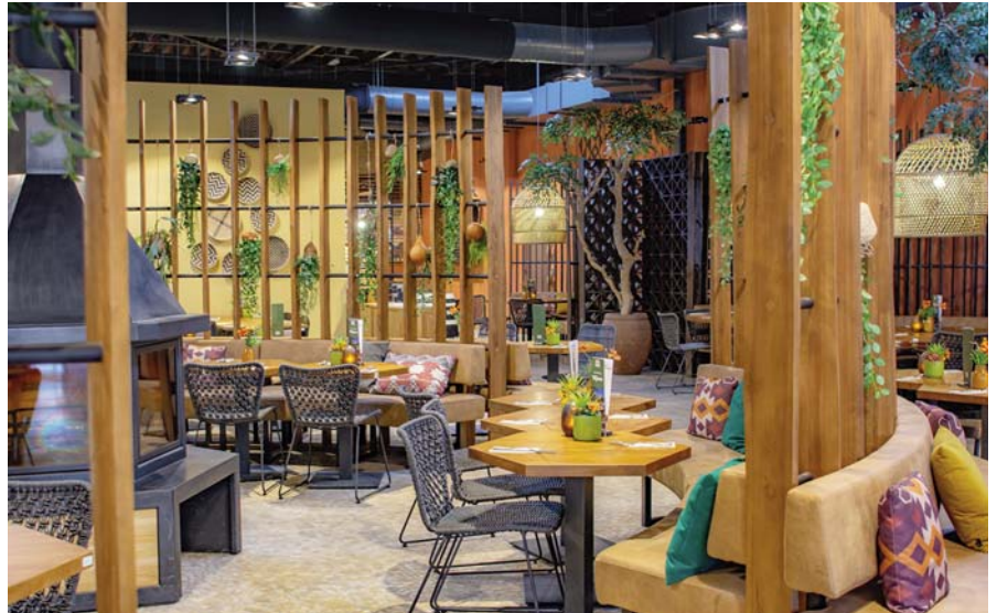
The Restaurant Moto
******************************
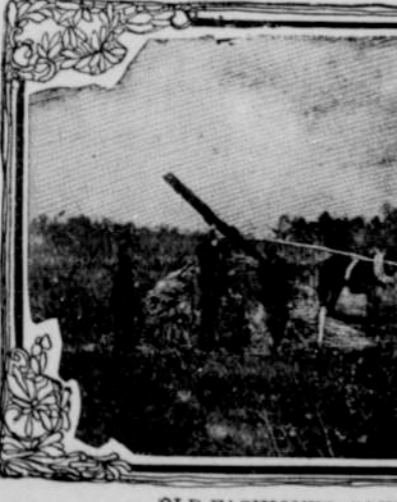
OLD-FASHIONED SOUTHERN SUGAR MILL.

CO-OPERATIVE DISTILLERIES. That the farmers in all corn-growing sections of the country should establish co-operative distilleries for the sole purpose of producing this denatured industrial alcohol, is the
******************************
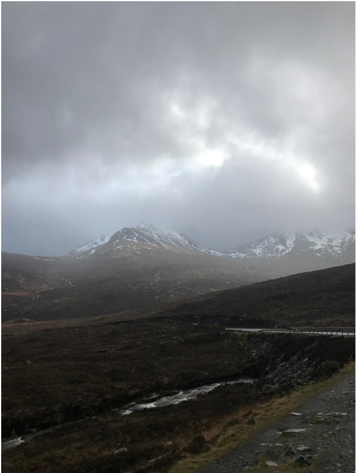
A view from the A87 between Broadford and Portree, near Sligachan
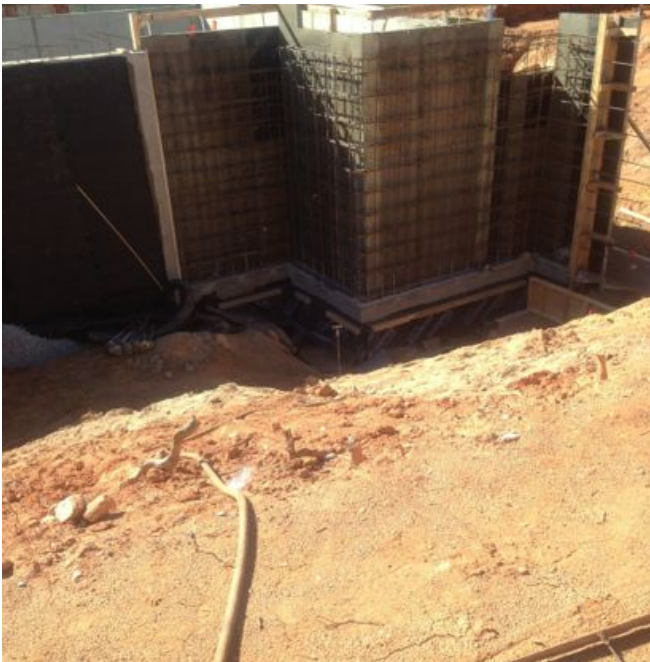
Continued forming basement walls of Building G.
******************************
(Exercise aim): Give again the stretch of the entries above that begins at the line with "A view from" and ends at the line with "Continued forming basement", word for word, with no pictures.

(Output below):
A view from the A87 between Broadford and Portree, near Sligachan
Continued forming basement walls of Building G.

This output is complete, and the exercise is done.